Secara Masif, Tentara Israel Membunuh Anak-anak Palestina
“Mama, mama di mana Muhammad?” tanya Omar Tamimi, 3 tahun, yang gelisah, berulang kali kepada ibunya.
Ibunya, Bara’a Tamimi, warga Desa Nabi Saleh di dekat Ramallah, berusaha keras untuk tidak menangis di depan anaknya. Dia mencoba menghibur putranya, sebelum akhirnya menangis juga.
Bulan lalu, putra sulungnya, Muhammad Tamimi, 17, meninggal setelah tentara Israel menembaknya dari belakang tiga kali dengan peluru tajam.
“Kami membawanya ke rumah sakit tetapi dia meninggal kurang dari satu jam setelah dia ditembak. Para dokter tidak bisa menyelamatkannya," kata Bara'a kepada Al Jazeera.
Tidak ada bentrokan di Desa Nabi Saleh pada tanggal 23 Juli itu, tetapi tentara Israel telah datang ke desa hampir setiap hari dan memprovokasi penduduk setempat. Mereka menembakkan gas air mata ke rumah-rumah dan memaki-maki penduduk desa.
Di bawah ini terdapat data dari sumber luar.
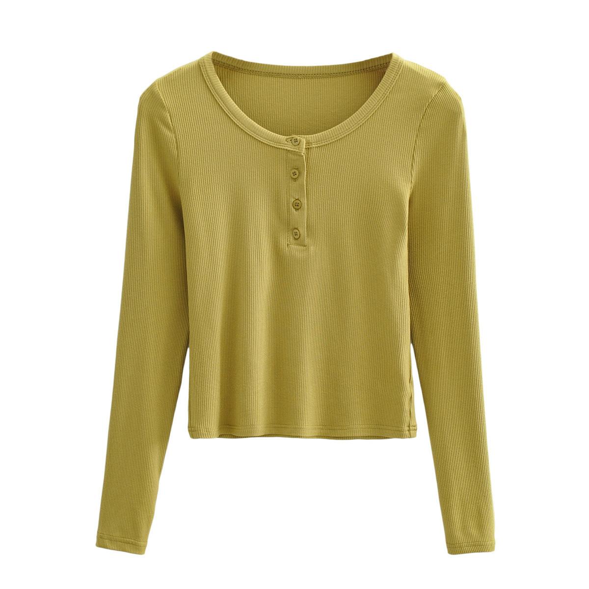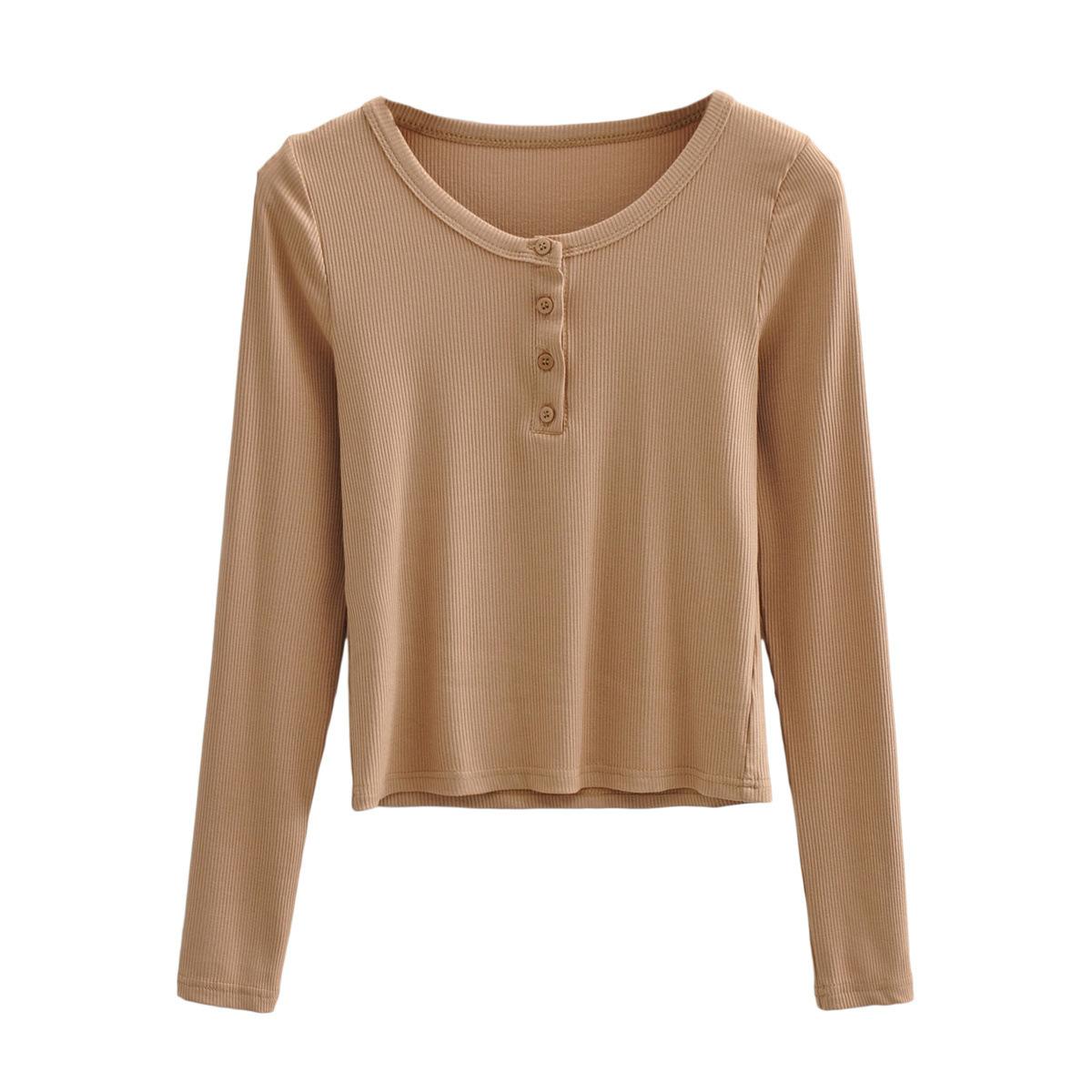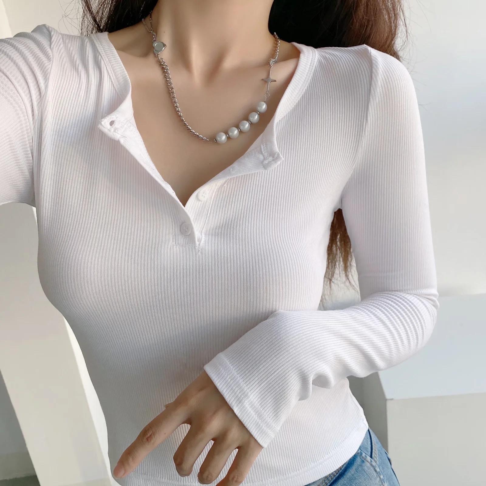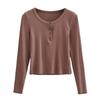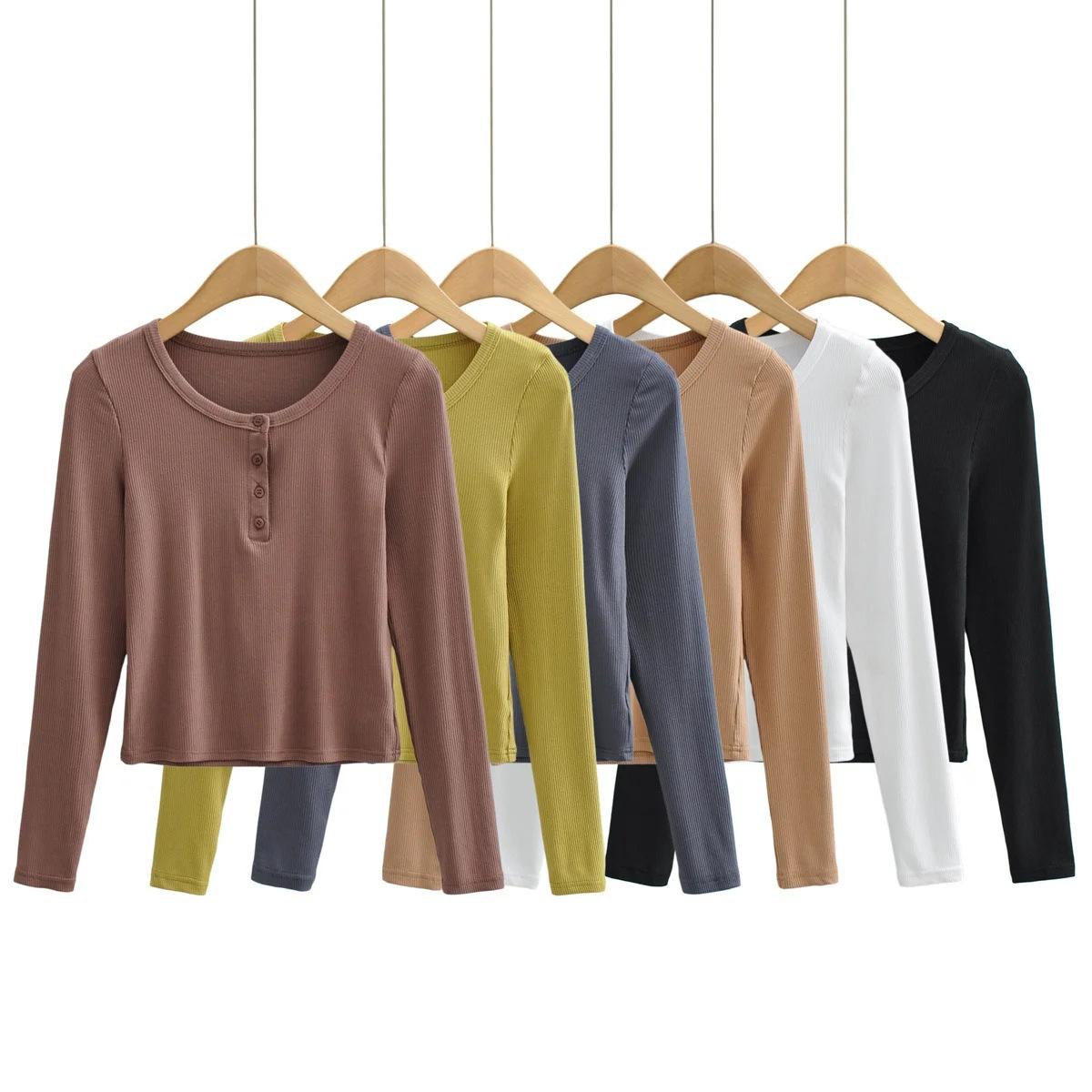 Camiseta sexy de manga larga con cuatro botones para mujer, estilo europeo y americano, de corte corto, entallada, con cuello redondo pequeño, básica, de color liso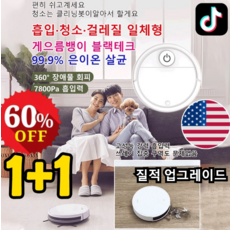 [초특가] 스마트 로봇 청소기 99.9% 은이온 살균 가정용 물걸레 자동 청소기 흡입/청소/걸레질 일체형, (1+1세트)흰색, 물걸레 청소기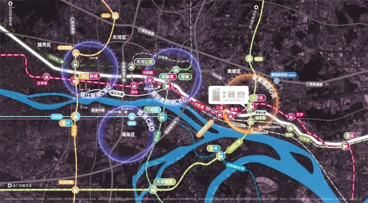 咫尺5/7号线换乘站——大沙东站;东进大动脉5号线串联珠江新城—金融城—黄埔临港经济区。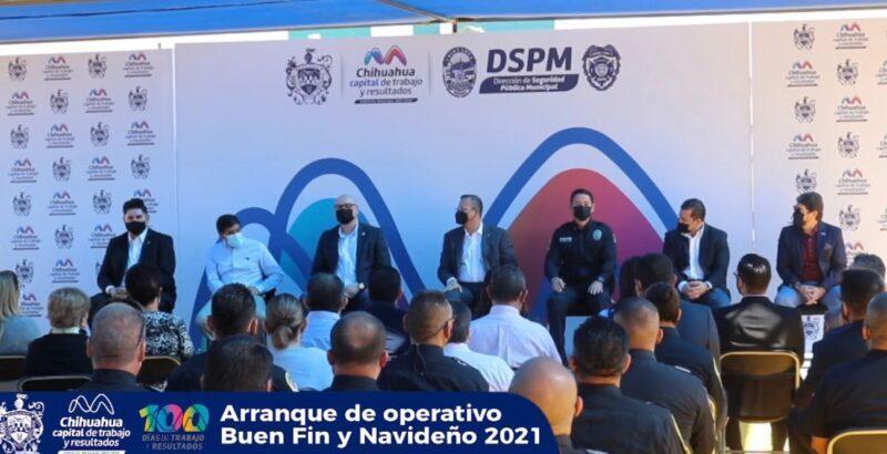 El presidente municipal de Chihuahua, Marco Antonio Bonilla, dio a conocer que serán 600 agentes de seguridad pública, cámaras de seguridad, el Halcón 1 y la Mamba, parte de este operativo para proteger a las y los trabajadores que perciben sus aguinaldos en este 2021.
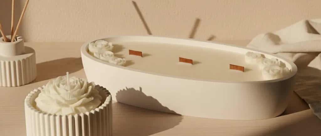 Imagina una mesa de boda decorada con pequeñas velas de soja, cada una con un aroma diferente: flores blancas, madera fresca, jazmín, vainilla o ámbar suave.
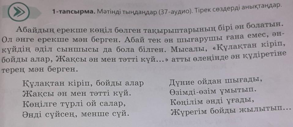 Абай, сыншы , жақсы ән,тәтті күй, көңілім, жүрек.

Desa Nabi Saleh berpenduduk sekitar 600 orang, sebagian besar dari klan Tamimi, dan memiliki sejarah aktivisme, termasuk protes reguler setiap Jumat di masa lalu.
“Muhammad berada di halaman belakang ketika tentara menembakkan gas air mata ke rumah kami, memaksa saya untuk membawa anak-anak kecil lainnya ke dalam rumah untuk keselamatan mereka,” kata Bara'a Tamimi mengingat kejadian menjelang pembunuhan Muhammad. .
“Adu mulut kemudian terjadi antara Muhammad dengan tentara Israel, sebelum dia kemudian pergi mencari salah satu saudaranya yang menderita kanker di salah satu matanya, dan tidak bisa melihat dengan layak. Beberapa saat kemudian saya mendengar tiga tembakan,” kata Bara’a.
Pembunuhan yang disengaja
Beberapa hari kemudian, pada 28 Juli, Muhammad Abu Sara, 11 tahun, juga meninggal karena luka tembak di dada setelah tentara Israel menembakkan 13 peluru ke mobil ayahnya di desa Palestina Beit Ummar di Tepi Barat selatan.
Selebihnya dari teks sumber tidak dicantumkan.